人間や肉食動物は、対象までの距離や奥行き知覚する手がかりの一つとして、「両眼視差」を利用しています。これは、左右の目で見える画像が違うことを示していて、この違いを脳でうまく処理をして対象を立体的にとらえています。この両眼視差を利用した立体視は、ステレオグラムだけでなく、テレビや映画、携帯ゲーム機などの画面を立体的に見せる仕組みとして利用されています。
今回は、両眼視差が使えないときに、対象の立体的な認識がうまくいかなくなる現象を体験してみます。
AのデータはGathering for Gardner Paper Dragon in Great things on the web(http://www.ricardoaraujo.net/greatweb/gathering_for_gardner_paper_dragon.html)から取得できます。
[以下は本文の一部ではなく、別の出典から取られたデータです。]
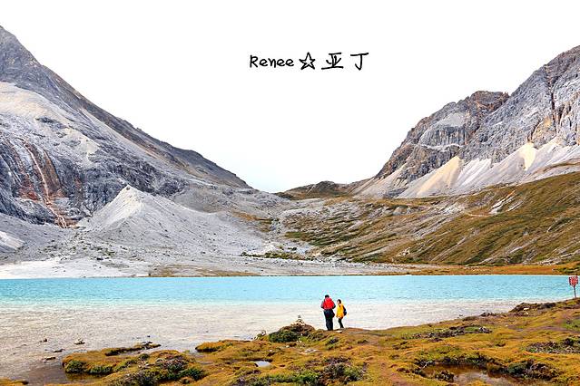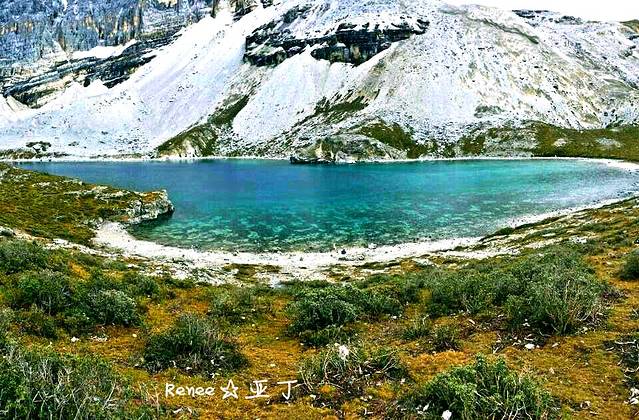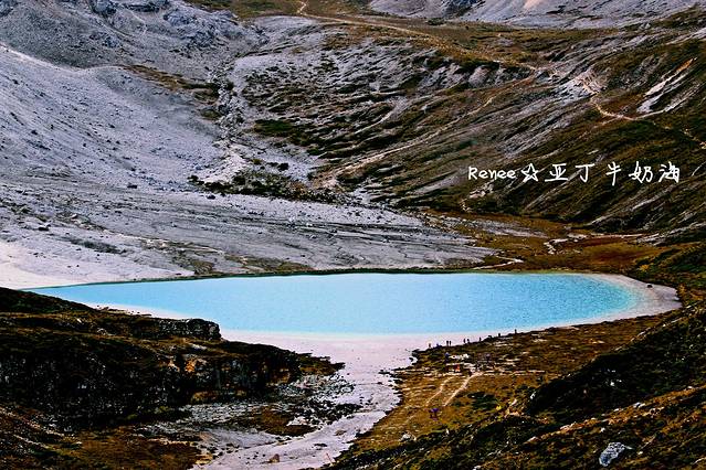 到了景区,先坐电瓶车到绒洛牛场,然后开始徒步爬山,爬山的路不是一般难走啊,水路,泥路,悬崖边,有一段路选择骑马上山的朋友也要下马步行,可见,多么不好走。一路没有拍照,专心爬山,爬了差不多四个小时,终于到达亚丁之行最终目的地-牛奶海,仿佛一块碧玉镶嵌在雪山之中。

同ページの中ほどの「Green Dragon」、「Blue Dragon」および「Red Dragon」のリンクから好きな色のデータをダウンロードしてください。
また、Paper Dragon by Jerry Andrus(http://www.jclahr.com/science/Illusions/3d/paper_dragon.html)からも取得できます。
印刷する
データをプリンタで印刷します。
切り抜く
・外周部分をハサミで切り抜きます。
・必要な部分にハサミで切れ目を入れます。
折る
・「MOUNTAIN FOLD」の破線ガイドの部分は、山折りにします。
・「VALLEY FOLD」の破線ガイドの部分は、谷折りにします。
※顔の部分は凹むような構造になるはずです。
組み立てる
・「TAB A」と「TAB B」を差し込みます。
・「TAB C」と「TAB D」、「TAB E」にのりを塗り、用紙の裏側に接着します。
まず、完成したペーパークラフトを机などに置いて、1メートルくらい離れて両目で観察してみてください。
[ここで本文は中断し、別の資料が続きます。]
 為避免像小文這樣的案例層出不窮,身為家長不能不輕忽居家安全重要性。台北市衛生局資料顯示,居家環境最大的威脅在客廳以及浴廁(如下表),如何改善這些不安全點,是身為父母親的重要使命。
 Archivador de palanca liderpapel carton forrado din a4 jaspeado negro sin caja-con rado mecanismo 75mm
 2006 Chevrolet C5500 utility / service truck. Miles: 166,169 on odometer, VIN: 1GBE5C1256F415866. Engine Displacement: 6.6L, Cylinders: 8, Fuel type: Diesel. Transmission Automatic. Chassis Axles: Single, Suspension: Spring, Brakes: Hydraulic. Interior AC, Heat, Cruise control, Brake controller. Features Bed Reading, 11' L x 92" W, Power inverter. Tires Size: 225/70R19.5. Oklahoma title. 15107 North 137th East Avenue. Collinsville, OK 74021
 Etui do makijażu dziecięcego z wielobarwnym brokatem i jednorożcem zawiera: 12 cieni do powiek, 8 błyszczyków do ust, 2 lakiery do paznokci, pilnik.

組み立てられた通りに顔の部分は凹んで見えるはずです。
これは両眼視差によって、対象の立体的な構造を正しく認識できているためです。
次に、片目を手などで覆い隠して観察してみてください。
そのまま見る場所を変えてみると…
凹んでいるはずの顔の部分が張り出して見え、首を振ってこちらを目で追ってくるように見えます。
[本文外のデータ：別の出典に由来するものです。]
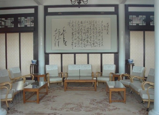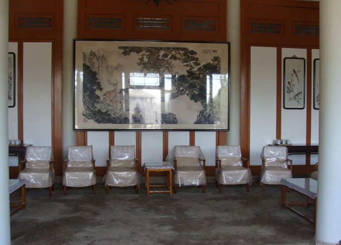 前客廳一共有五間房屋。靠東靠西的各一間用布簾與中間相隔,使中間三間室內(nèi)顯得靜謐祥和。周恩來接見外賓、會見客人等均在這中間三間房里舉行,周恩來一般坐在東邊主席位置上,西邊是主要客人的客席座位,會見時如用翻譯,就在后邊加上兩把椅子和一只小茶幾就行了。兩側(cè)是主要陪同人員坐位,如果隨行陪同人員太多,也可以臨時多放幾把椅子。周恩來在建國初期曾在這里會見原蘇聯(lián)駐中國大使羅申,原印尼總統(tǒng)蘇加諾等人。一般東側(cè)布簾內(nèi)的那間房子里放置有茶水、茶具。版權所有山東聊城聊之旅國際旅行社有限公司,轉(zhuǎn)載必究!這樣好方便工作人員隨時送上;西側(cè)布簾內(nèi)的那一間放置有小圓桌兩張。周恩來有時會見國內(nèi)外的知心客人或朋友時,談到吃飯時間了,為了節(jié)省時間,也會讓工作人員在后邊簡易鍋灶上燒幾個菜招待客人,邊吃邊談,吃完飯繼續(xù)談。象越南的胡志明主席、柬埔寨的西哈努克親王、國內(nèi)的廖承志同志等都在大廳里和周恩來一起用過餐。
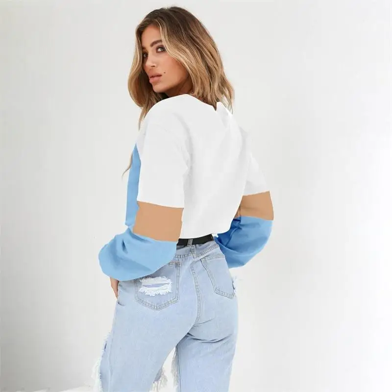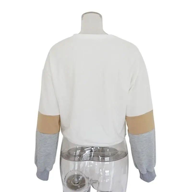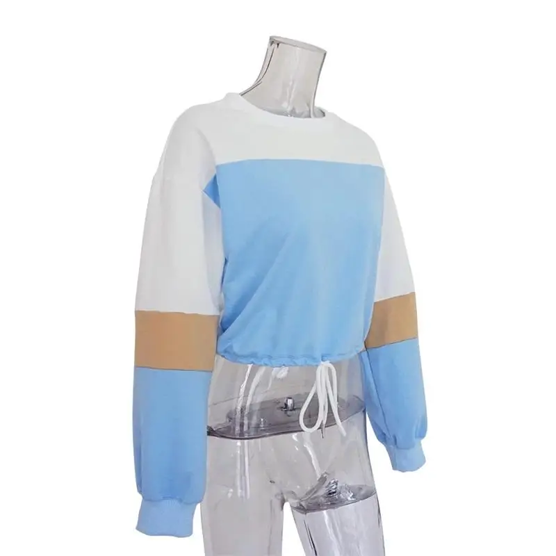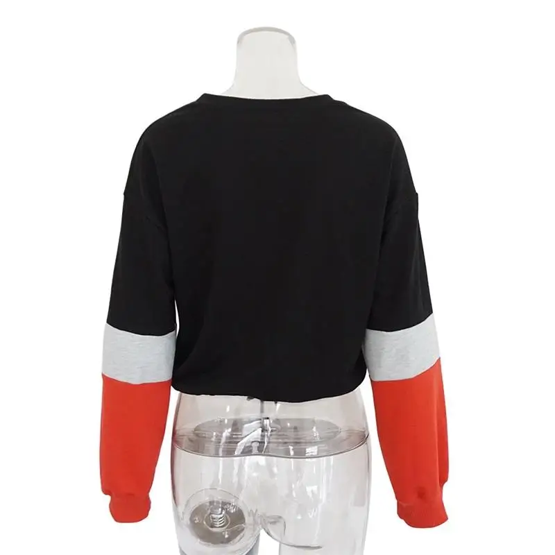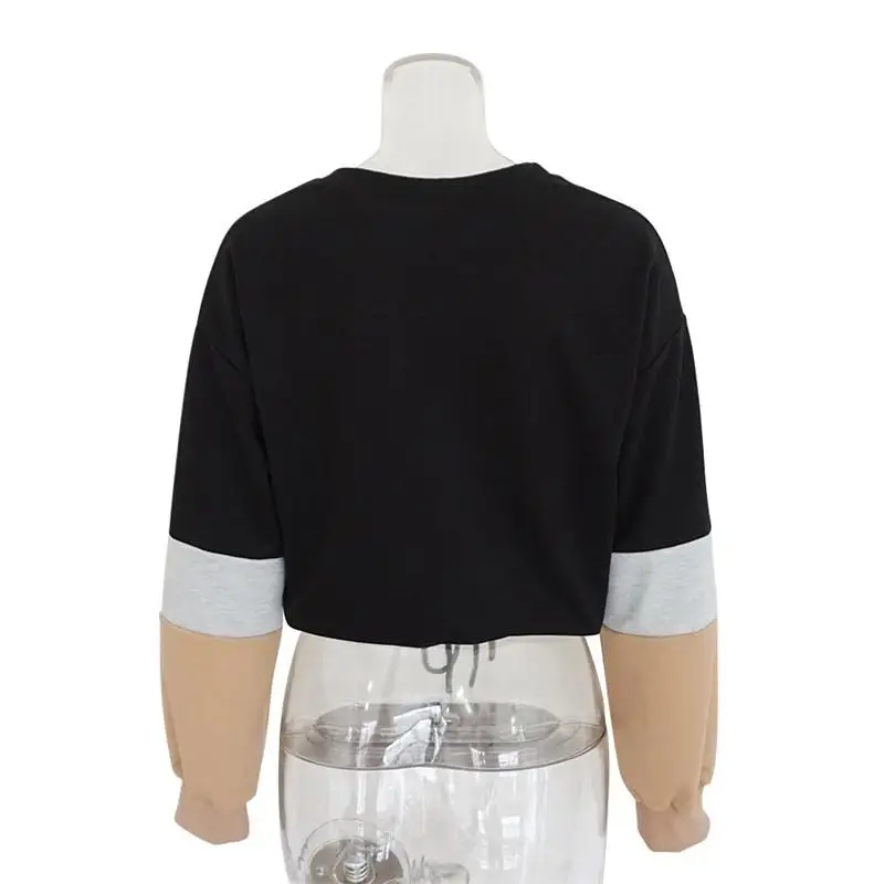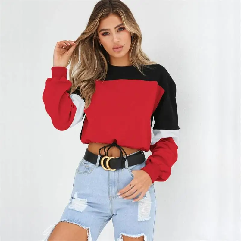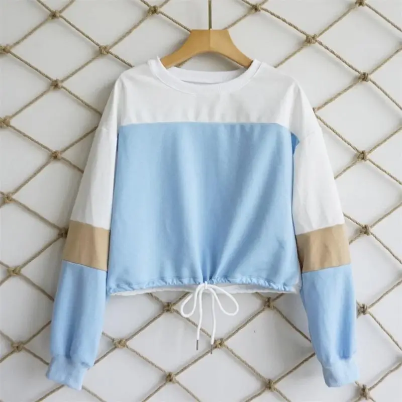 Women Hoodies 2018 Round Neck Stitching Long Sleeve Strap with Navel Knitted Sweatshirts Causal Female Crop Tops Hooded Shirts

片目を隠すことで、両眼視差が使えなくなってしまったために、このような現象が起こります。
さらに、カメラで撮影してみてください。
カメラは単眼(1つのレンズ)で対象を撮影するため、片目で見た時と同様の映像を撮影、観察することができます。
今回の実験では、対象を両目で観察したときはその立体的な構造を正しく認識でき、片目を覆い隠してしまうと両眼視差が使えず、立体的な認識がうまくいかなくなる現象を体験してもらいました。
これは錯視の1つで、人間が経験的に知っている対象を観察する際に、脳が凹面を凸面として誤認識してしまうもので、「ホロウマスク錯視」と呼ばれています。